Concepts: sentence-embeddings | siamese-networks | contrastive-learning | bi-encoder | semantic-similarity Builds on: bert-pre-training-of-deep-bidirectional-transformers-for-language-understanding — uses pretrained BERT as the encoder Leads to: rag-retrieval-augmented-generation — SBERT-style bi-encoders are the default retrieval backbone in RAG systems
BERT is a phenomenal sentence encoder for tasks where you process two sentences together — give it both as input with a [SEP] token, run a single forward pass, and read out the relevance score. But this is fatal for retrieval. To find the most similar sentence in a 10,000-sentence corpus, you’d need to run BERT 10,000 times per query, each time feeding a (query, candidate) pair — about 65 hours per query on a V100. Sentence-BERT (Reimers & Gurevych, EMNLP 2019) reorganizes the architecture: encode each sentence independently into a fixed-length vector, then compare with cosine similarity. The same 10K-sentence search drops to ~5 seconds, with negligible accuracy loss.
The core idea
The analogy: A cross-encoder (BERT-style) is like reading two essays side by side to compare them — slow but careful, you notice every interaction. A bi-encoder (Sentence-BERT-style) is like writing a one-paragraph summary of each essay separately, then comparing summaries — much faster, slightly lossy, but the summaries are reusable.
The architecture:
SENTENCE A ----[BERT]----> pool ----> u (768-dim vector)
\
cosine
/
SENTENCE B ----[BERT]----> pool ----> v (768-dim vector)
The two BERT towers share weights (siamese). The pooling step takes the per-token output and reduces it to a fixed vector — the paper finds mean pooling over all token outputs works best, beating the [CLS] token and max pooling. Then cosine similarity (or any vector distance) on (u, v) gives the relevance score.

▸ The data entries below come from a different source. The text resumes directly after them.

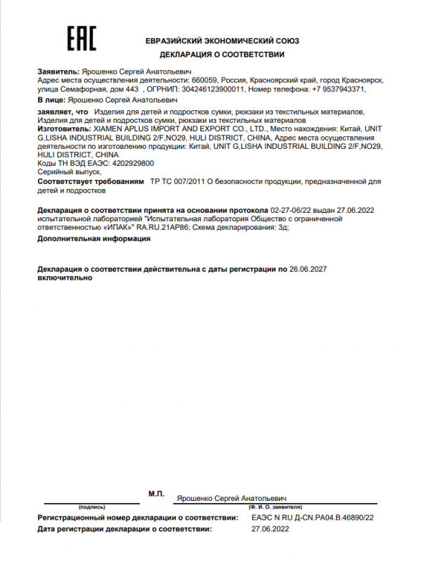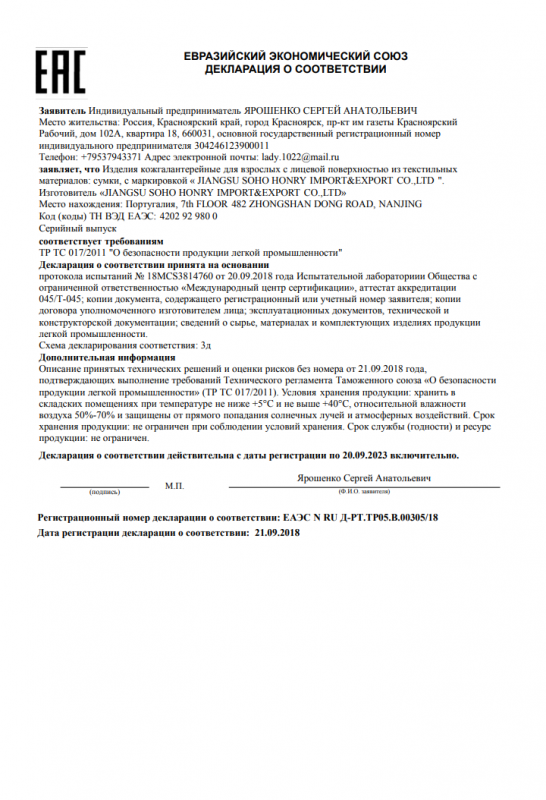 Декларация о соответствии (Сумки, рюкзаки из текстильных материалов)
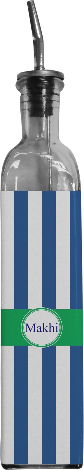 Made from recycled glass in Spain, these oil bottles have a classic, delicate look, and are accompanied by a metal spout for controlled pouring. Each bottle holds approximately 13 ounces and measures at 12 by 2 inches. We customize your glass oil bottle by applying your personalized design on the front and sides, using an adhesive. Our customizable stickers are made from high quality, gloss vinyl and are printed with waterproof, eco-solvent inks. These pieces are machine cut for accuracy and symmetry. The result is a robust, waterproof, adhesive decal that will not fade or deteriorate with time.
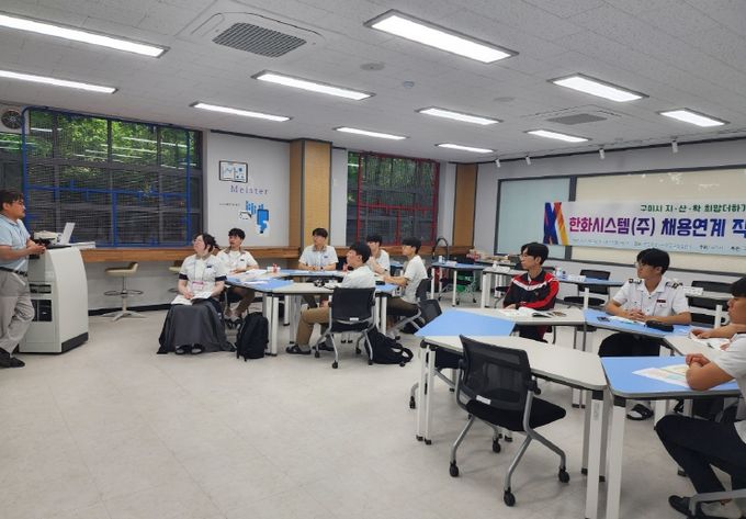 이번 1기 참여자는 구미전자공고와 금오공고 3학년 재학생 10명으로, 구미를 대표하는 방위산업체인 한화시스템의 1차 전형을 통과해 6월 4일부터 직무교육을 시작했다.
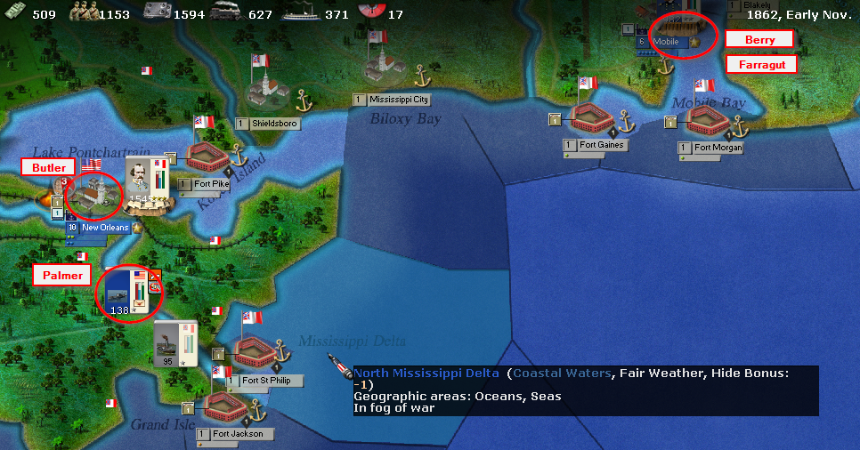 Lots to report. New Orleans is heating up. In a surprise move, Polk has left Tennessee and showed up in New Orleans. There's been a few skirmishes over the months, but with Polk's arrival, the fighting has grown in intensity. Butler is holding firm so far, but he's soon going to get overwhelmed by numbers. Farragut's fleet is in mobile and ready to transport. Palmer and 2 Ironclads came down to support Farragut and sure enough the Manassas is parked off New Orleans.
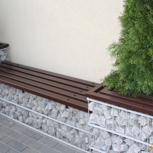 С помощью габионов в качестве подпорной стенки легко сделать приподнятую террасу посреди ровного участка или оформить перепады рельефа на террасированном участке. При использовании габионов для оформления мест отдыха (беседок, террас, патио) — такая конструкция также позволяет в едином стиле решить проблему посадочных мест. Для этого верхнюю грань невысоких конструкций закрывают деревянными сиденьями, а тех, что повыше, — столешницей. Габионы можно использовать в качестве лестниц, закрывая верхнюю часть ступенью из различных материалов.
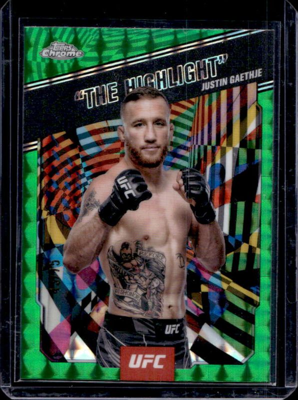 Justin Gaethje 2025 Topps Chrome UFC #AKA-3 AKA - Green Geometric Refractor /75 RAW Price Guide

Training: fine-tune the entire siamese stack on Natural Language Inference (NLI) pairs. Three labels: entailment (the sentences mean similar things), neutral, contradiction. The loss is a softmax classifier over the concatenation [u, v, |u-v|]. After training, you discard the classifier; the encoder produces semantically meaningful sentence vectors.
Walkthrough
The 10K-sentence retrieval problem:
SETUP: query = "How tall is the Eiffel Tower?"
corpus = 10,000 paragraphs.
CROSS-ENCODER (vanilla BERT):
for each candidate c in corpus:
score = BERT(query, c) # one full forward pass per pair
return top_k(scores)
Cost: 10,000 BERT forward passes * ~25ms = ~250 seconds per query.
For 1M sentences: ~7 hours per query. Untenable.
BI-ENCODER (Sentence-BERT):
q_vec = SBERT(query) # ONE forward pass total
for each candidate c in corpus:
score = cosine(q_vec, c_vec) # c_vec was precomputed offline
return top_k(scores)
Cost (online): one forward pass + 10K cosines = ~50ms per query.
For 1M sentences with FAISS: ~10ms per query.
5000x faster than cross-encoder.
Performance on STS-Benchmark (Spearman correlation, higher is better):
| Method | Spearman |
|---|---|
| Avg GloVe vectors | 58.0 |
| BERT [CLS] embedding (no fine-tune) | 38.7 (worse than GloVe!) |
| BERT mean pool (no fine-tune) | 47.3 |
| SBERT (NLI fine-tuned) | 79.2 |
| Cross-encoder BERT (paired input) | 86.5 |
SBERT closes most of the gap to the cross-encoder, while running ~5000x faster. The remaining 7-point gap is what motivates the modern hybrid pattern: use a bi-encoder to fetch the top-100, then a cross-encoder to re-rank.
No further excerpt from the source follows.